According to the aforementioned doc:
As the str and bytes types cannot be mixed, you must always explicitly convert between them. Use str.encode() to go from str to bytes, and bytes.decode() to go from bytes to str. You can also use bytes(s, encoding=...) and str(b, encoding=...), respectively.
Ok, so now I have to decode this binary data of type bytes…
>>> b'\x00\xaa\xff'.decode()
Traceback (most recent call last):
File "<stdin>", line 1, in <module>
UnicodeDecodeError: 'utf-8' codec can't decode byte 0xaa in position 1: invalid start byte
Oops!
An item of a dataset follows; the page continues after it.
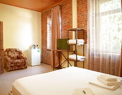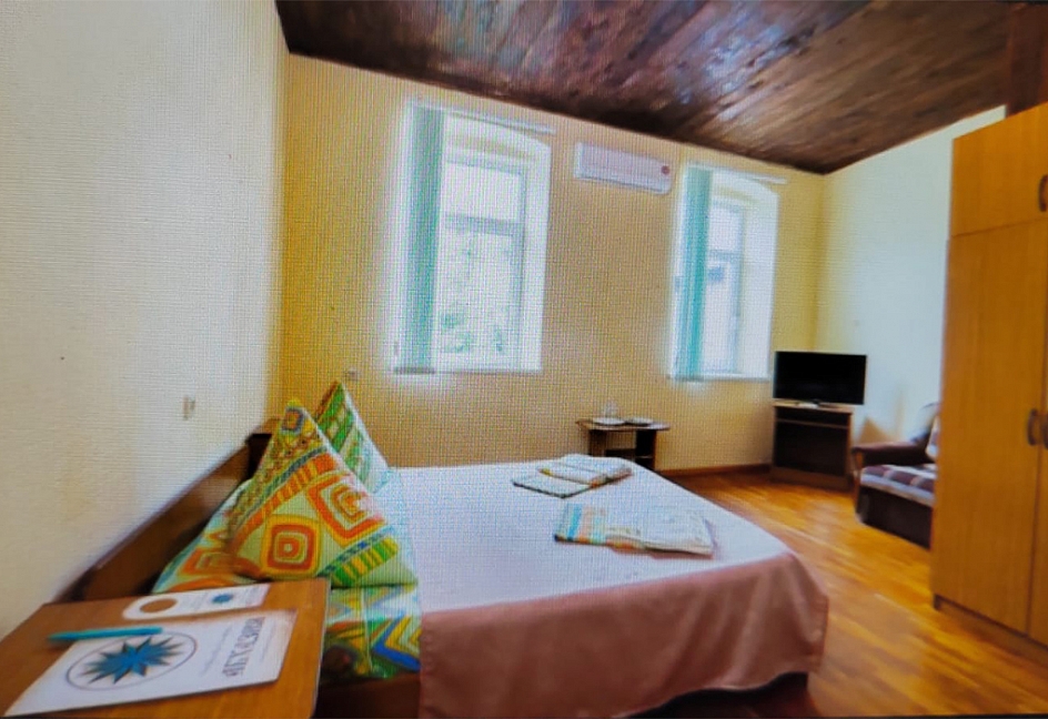 Расположение: Первая линия у моря (20 м до пляжа), 100 м до центра, 100 км до аэропорта Адлер

I don’t care about UTF-8 encodings here.
Can I just get a dummy pass-through codec?
PS
Why do I need '\x00\xaa\xff'
instead of b'\x00\xaa\xff'
?
Because I am taking this string and passing it into
a crc function written in pure python
crc16pure.crc16xmodem('\x00\xaa\xff')
This function expects to iterate through a string composed of bytes.
If I give the function b'\x00\xaa\xff'
then that is just a number which cannot be iterated with.
The question: Can I just get a dummy pass-through codec?
The answer: Yes, use iso-8859-1
In python3, the following doesn't work
b'\x00\xaa\xff'.decode()
The default codec 'utf-8' can't decode byte 0xaa
As long you don't care about the character sets (as in, what char you see when you print()
) and just want a string of 8bit chars like what you would get in python2, then use an 8bit codec iso-8859-1
b'\x00\xaa\xff'.decode('iso-8859-1')